> _WHAT YOU ARE ASKED TO DO_: Output only the lines below from the one containing "The cat is not" to the one containing "Für eine weitere", exactly as written, both ends kept.

> _ENTRIES PROVIDED_:
######

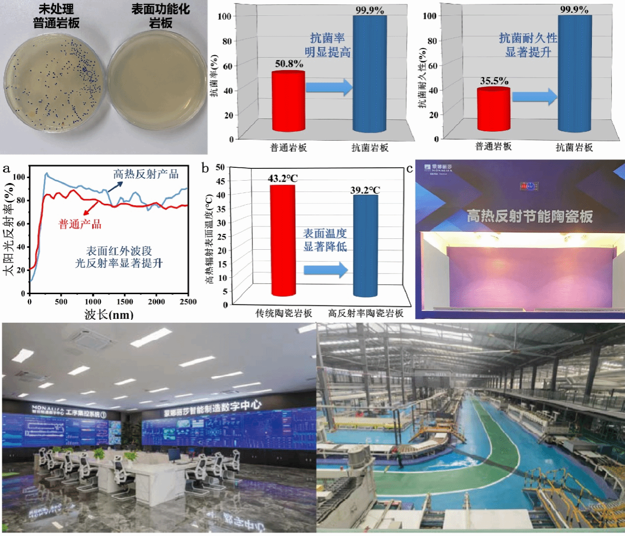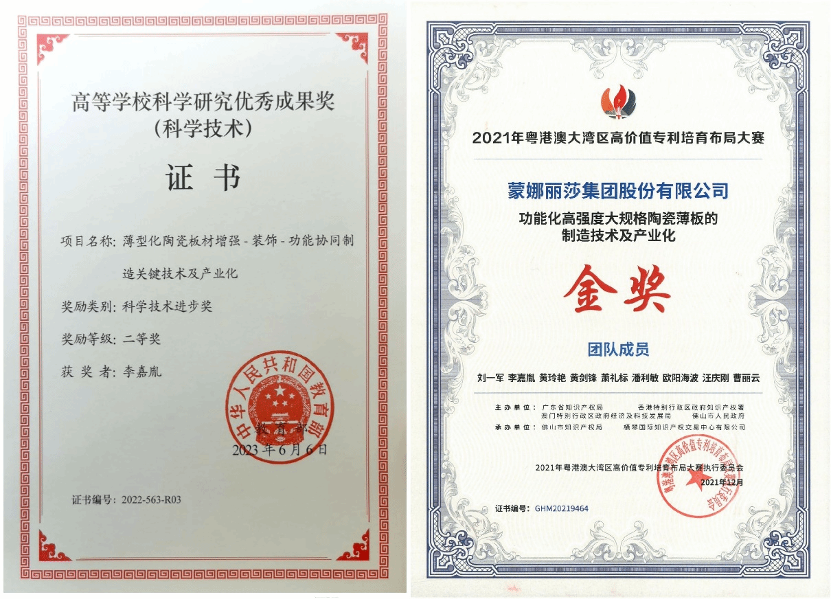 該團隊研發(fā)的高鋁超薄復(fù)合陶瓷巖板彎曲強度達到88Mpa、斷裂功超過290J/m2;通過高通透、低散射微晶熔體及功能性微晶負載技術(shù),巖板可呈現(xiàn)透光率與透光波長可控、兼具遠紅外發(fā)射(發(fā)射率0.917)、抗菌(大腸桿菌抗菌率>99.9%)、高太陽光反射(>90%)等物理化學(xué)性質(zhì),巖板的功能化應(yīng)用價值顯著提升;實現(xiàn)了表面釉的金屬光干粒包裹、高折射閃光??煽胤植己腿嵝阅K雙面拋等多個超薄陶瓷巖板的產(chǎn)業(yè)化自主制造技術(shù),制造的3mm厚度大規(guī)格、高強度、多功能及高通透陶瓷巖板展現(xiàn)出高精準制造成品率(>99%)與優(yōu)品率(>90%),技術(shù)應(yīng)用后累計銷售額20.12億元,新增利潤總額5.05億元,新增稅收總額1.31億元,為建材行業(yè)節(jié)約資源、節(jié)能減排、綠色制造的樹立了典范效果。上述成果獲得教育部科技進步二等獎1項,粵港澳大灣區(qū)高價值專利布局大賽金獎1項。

######

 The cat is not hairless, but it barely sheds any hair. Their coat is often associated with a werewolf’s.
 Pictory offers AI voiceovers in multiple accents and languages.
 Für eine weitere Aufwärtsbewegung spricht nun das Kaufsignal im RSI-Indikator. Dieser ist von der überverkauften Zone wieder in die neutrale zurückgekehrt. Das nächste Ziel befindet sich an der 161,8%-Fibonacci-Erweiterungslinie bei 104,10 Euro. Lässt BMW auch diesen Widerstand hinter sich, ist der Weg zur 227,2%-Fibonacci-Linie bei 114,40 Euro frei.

######

> _PROBLEM SOLUTION_:
 The cat is not hairless, but it barely sheds any hair. Their coat is often associated with a werewolf’s.
 Pictory offers AI voiceovers in multiple accents and languages.
 Für eine weitere Aufwärtsbewegung spricht nun das Kaufsignal im RSI-Indikator. Dieser ist von der überverkauften Zone wieder in die neutrale zurückgekehrt. Das nächste Ziel befindet sich an der 161,8%-Fibonacci-Erweiterungslinie bei 104,10 Euro. Lässt BMW auch diesen Widerstand hinter sich, ist der Weg zur 227,2%-Fibonacci-Linie bei 114,40 Euro frei.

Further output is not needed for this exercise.